● PROBLEM DETAILS: Repeat, word for word, all the data that follows, and exclude the pictures.

--- START ---

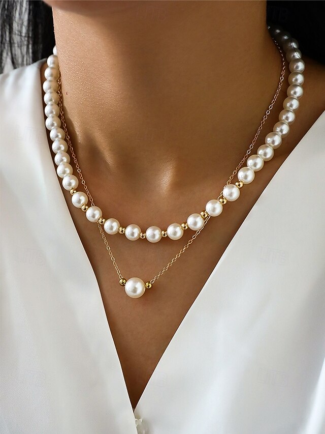 $7.99 - Elegant Layered Pearl Necklace for Women – Gold Chain with White Simulated Pearls, Classic Vintage Jewelry for Weddings, Parties and Formal Events 2025. Shop for cheap Women's Necklace online? Buy at lightinthebox.com on sale today!
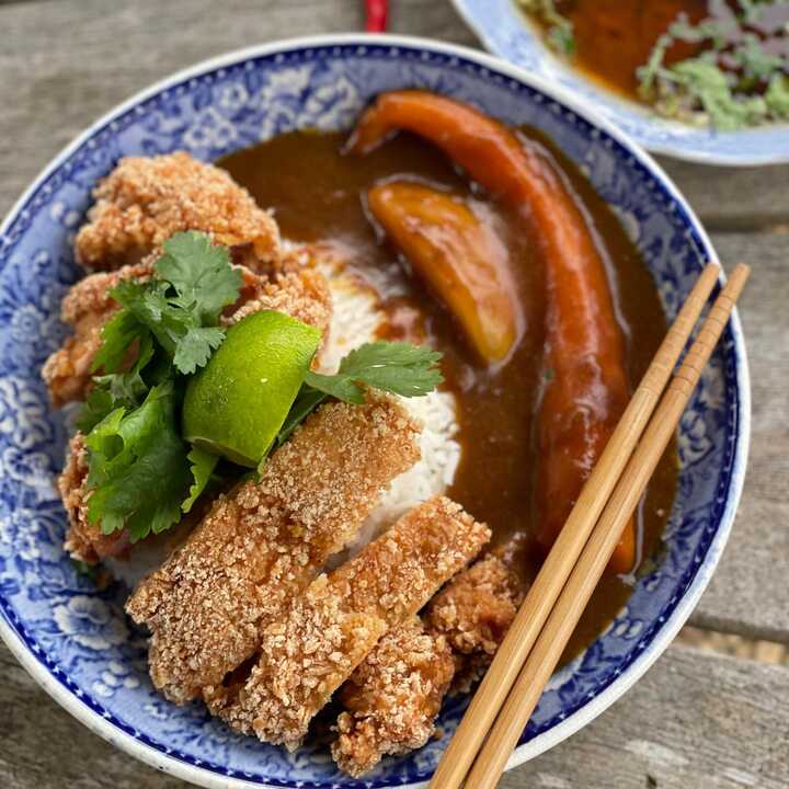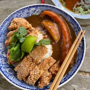 Crispy panko-breaded free-range chicken with that rich, thick curry sauce. Amazing.
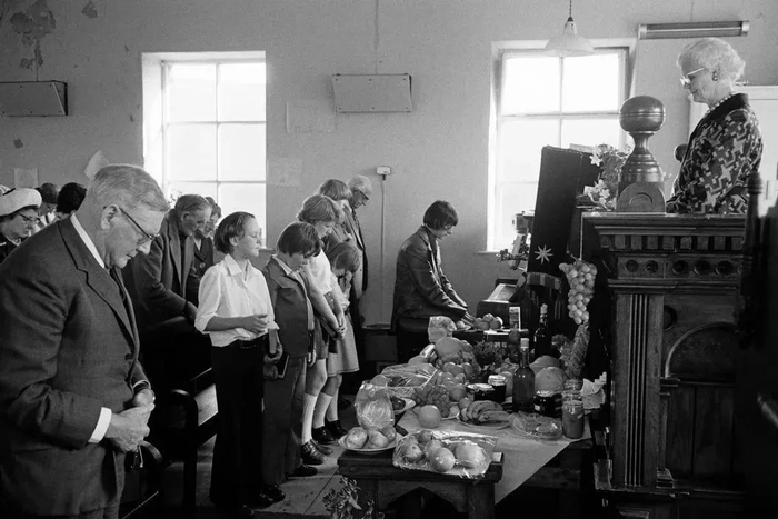 帕尔的第一批主要作品《不墨守成规者》于1975 年至 1982 年间在西约克郡、大曼彻斯特和爱尔兰的农村社区开展。他通过在当地教堂进行拍摄,来关注农村生活和农业社区的衰落。虽然他当时的作品是黑白的,与他最著名的彩色摄影大不相同,但您可以看到他的风格不断发展的过程。这些照片并不像他的其他作品那样粗糙,但它们仍然专注于平凡,并没有着手美化他的拍摄对象。平凡而幽默的时刻无处不在,但整个项目却笼罩着一种悲伤和衰落的感觉。
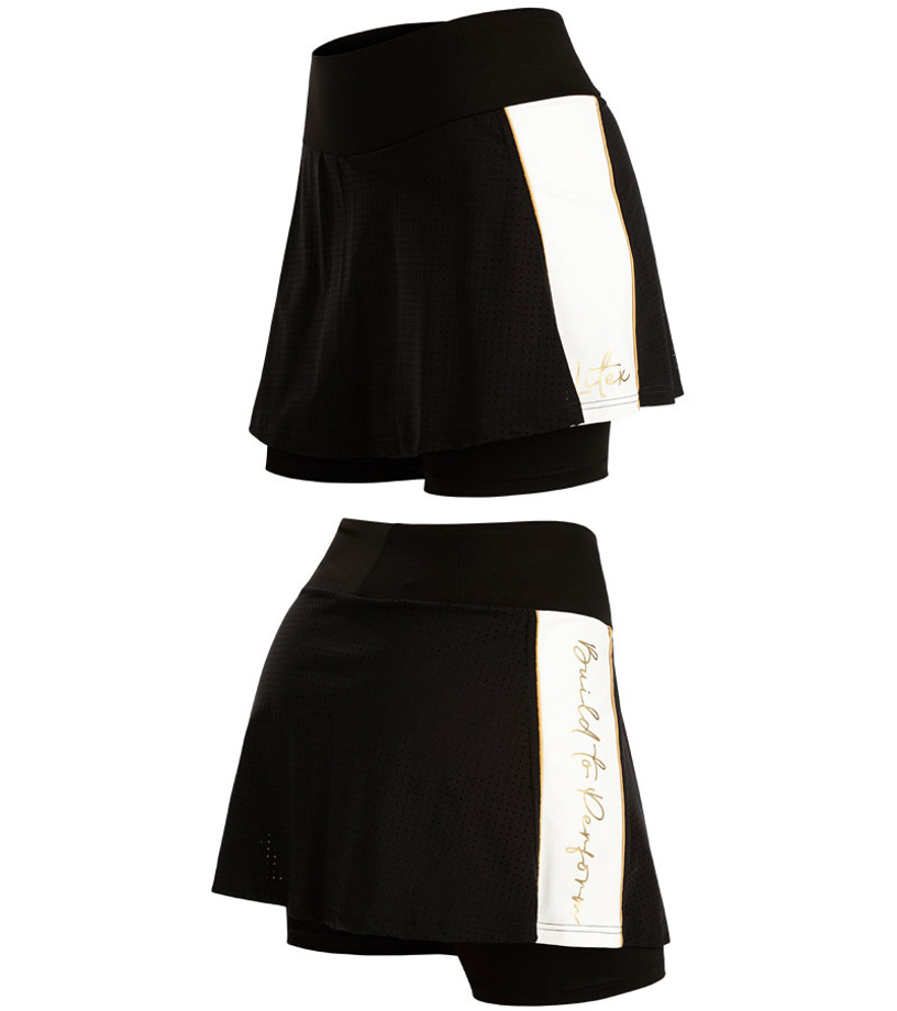 Spódnica z wszytymi spodenkami. Spódnica wykonana z fantazyjnego perforowanego materiału z białymi wstawkami i złotymi detalami. Wygodna, szeroka, elastyczna talia. Materiał jest elastyczny, szybko schnie i zapewnia maksymalny komfort noszenia. Uniwersalne zastosowanie.
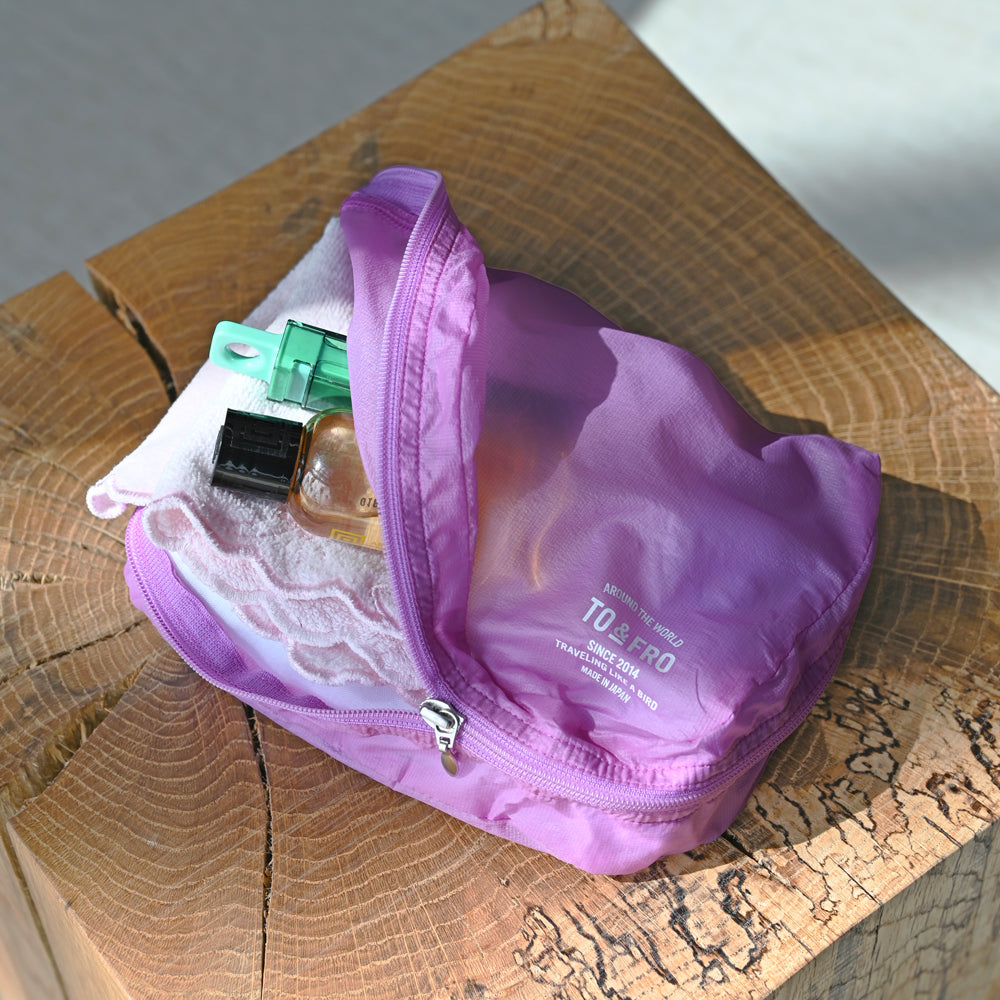 XSサイズは、ハンドタオルやコスメ、ミニボトル、ポケットティッシュといった小物類を入れて、バッグやキャリーケースの中で散らばることなく収納するのに活躍します。もちろん普段のバッグやリュック、バックパック等でもお使いいただけます。
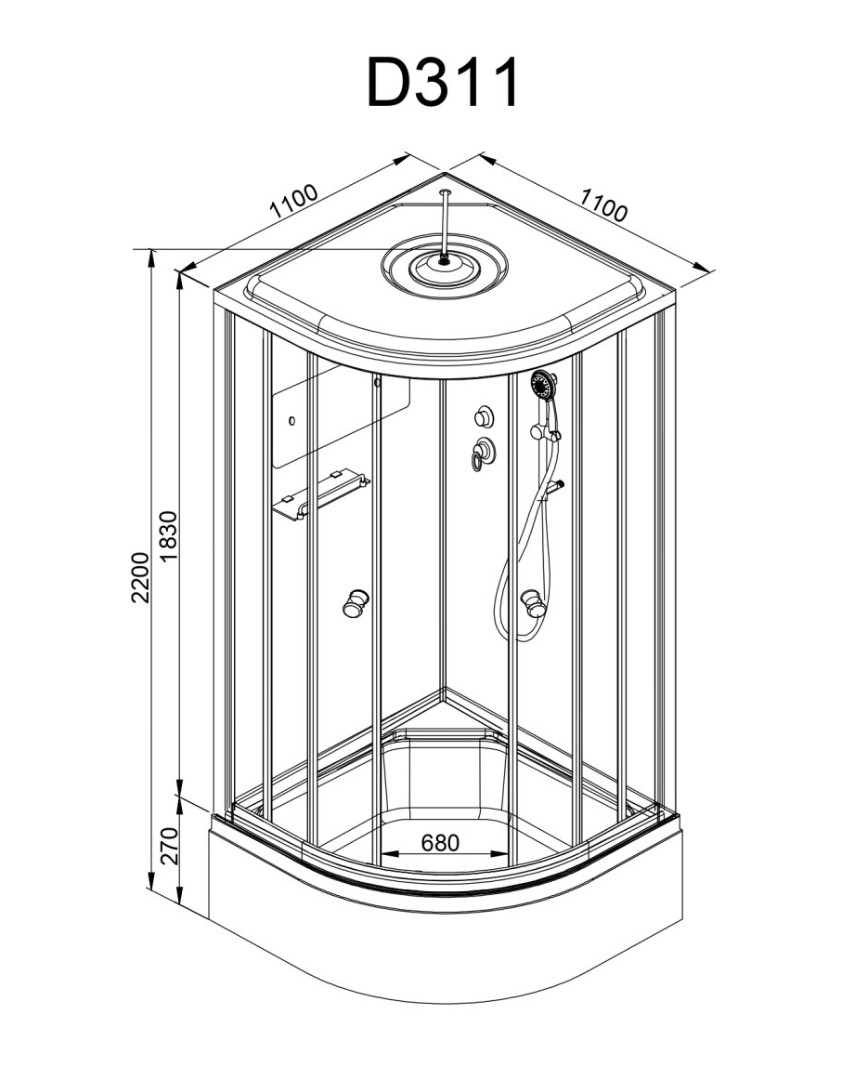 Стильная душевая кабина AvaCan D311 сочетает в себе высокую функциональность, практичность и надёжность. Для изготовления применяют безопасное закалённое стекло толщиной 4 мм, надёжно фиксируемое алюминиевым профилем. Цвет профиля хром.
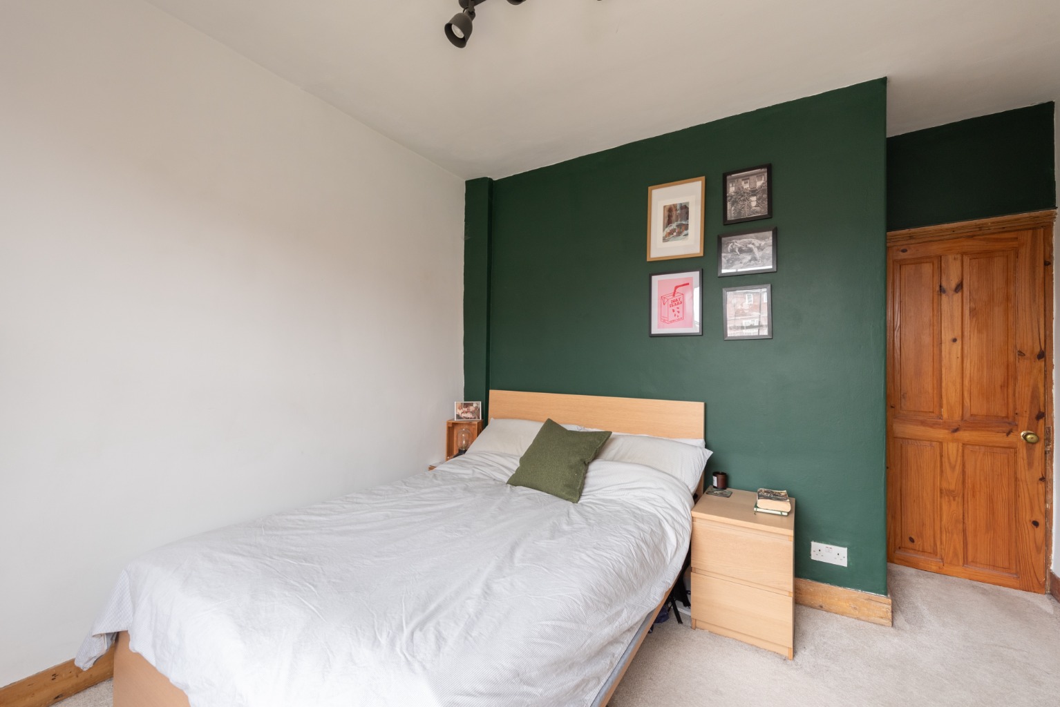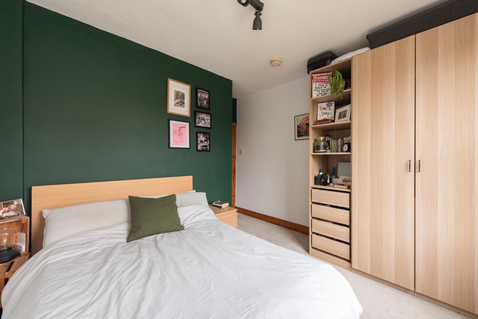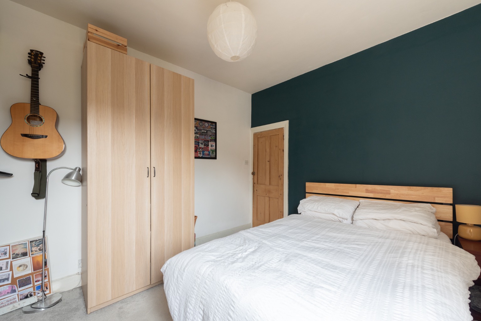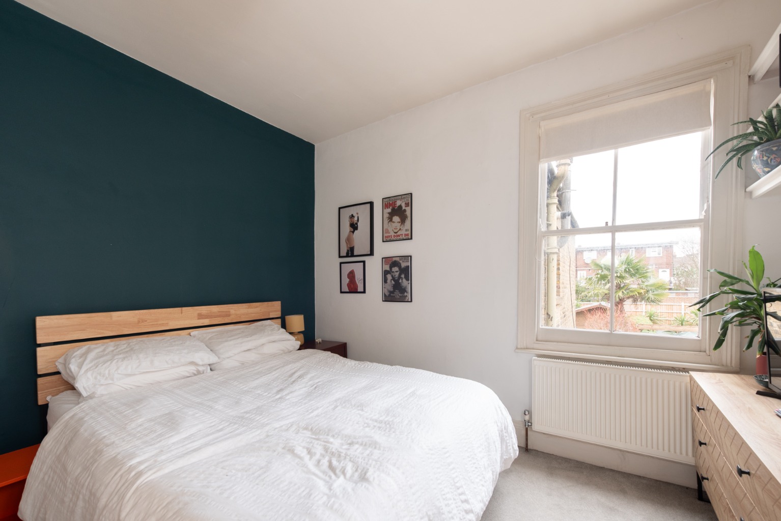 The next room along is the stylish kitchen which was fully re-fitted in 2021. The sage green shaker-style cabinets are complemented by solid timber work surfaces, bevelled tile backsplashes and geometric design floor tiles. There’s a gas hob with extractor above and integrated appliances which will remain for your use. At the end of the hallway is bedroom two – a double room with a radiator and large sash window, looking out to attractive gardens at the rear of the property. Back along the hallway and straight ahead is the large South-East facing reception room, which occupies the full width of the property and receives generous natural light from its feature bay window, plus an additional smaller window. There’s room for a large seating area and separate dining space, and a feature wall in dark teal provides an attractive focal point for the room. The final room in the property is bedroom one, which is a good-sized double room looking out towards the rear of the property, and benefits from a large radiator and alcoves for built-in storage.

--- END ---

● RESPONSE TO THIS TASK:
 $7.99 - Elegant Layered Pearl Necklace for Women – Gold Chain with White Simulated Pearls, Classic Vintage Jewelry for Weddings, Parties and Formal Events 2025. Shop for cheap Women's Necklace online? Buy at lightinthebox.com on sale today!
 Crispy panko-breaded free-range chicken with that rich, thick curry sauce. Amazing.
 帕尔的第一批主要作品《不墨守成规者》于1975 年至 1982 年间在西约克郡、大曼彻斯特和爱尔兰的农村社区开展。他通过在当地教堂进行拍摄,来关注农村生活和农业社区的衰落。虽然他当时的作品是黑白的,与他最著名的彩色摄影大不相同,但您可以看到他的风格不断发展的过程。这些照片并不像他的其他作品那样粗糙,但它们仍然专注于平凡,并没有着手美化他的拍摄对象。平凡而幽默的时刻无处不在,但整个项目却笼罩着一种悲伤和衰落的感觉。
 Spódnica z wszytymi spodenkami. Spódnica wykonana z fantazyjnego perforowanego materiału z białymi wstawkami i złotymi detalami. Wygodna, szeroka, elastyczna talia. Materiał jest elastyczny, szybko schnie i zapewnia maksymalny komfort noszenia. Uniwersalne zastosowanie.
 XSサイズは、ハンドタオルやコスメ、ミニボトル、ポケットティッシュといった小物類を入れて、バッグやキャリーケースの中で散らばることなく収納するのに活躍します。もちろん普段のバッグやリュック、バックパック等でもお使いいただけます。
 Стильная душевая кабина AvaCan D311 сочетает в себе высокую функциональность, практичность и надёжность. Для изготовления применяют безопасное закалённое стекло толщиной 4 мм, надёжно фиксируемое алюминиевым профилем. Цвет профиля хром.
 The next room along is the stylish kitchen which was fully re-fitted in 2021. The sage green shaker-style cabinets are complemented by solid timber work surfaces, bevelled tile backsplashes and geometric design floor tiles. There’s a gas hob with extractor above and integrated appliances which will remain for your use. At the end of the hallway is bedroom two – a double room with a radiator and large sash window, looking out to attractive gardens at the rear of the property. Back along the hallway and straight ahead is the large South-East facing reception room, which occupies the full width of the property and receives generous natural light from its feature bay window, plus an additional smaller window. There’s room for a large seating area and separate dining space, and a feature wall in dark teal provides an attractive focal point for the room. The final room in the property is bedroom one, which is a good-sized double room looking out towards the rear of the property, and benefits from a large radiator and alcoves for built-in storage.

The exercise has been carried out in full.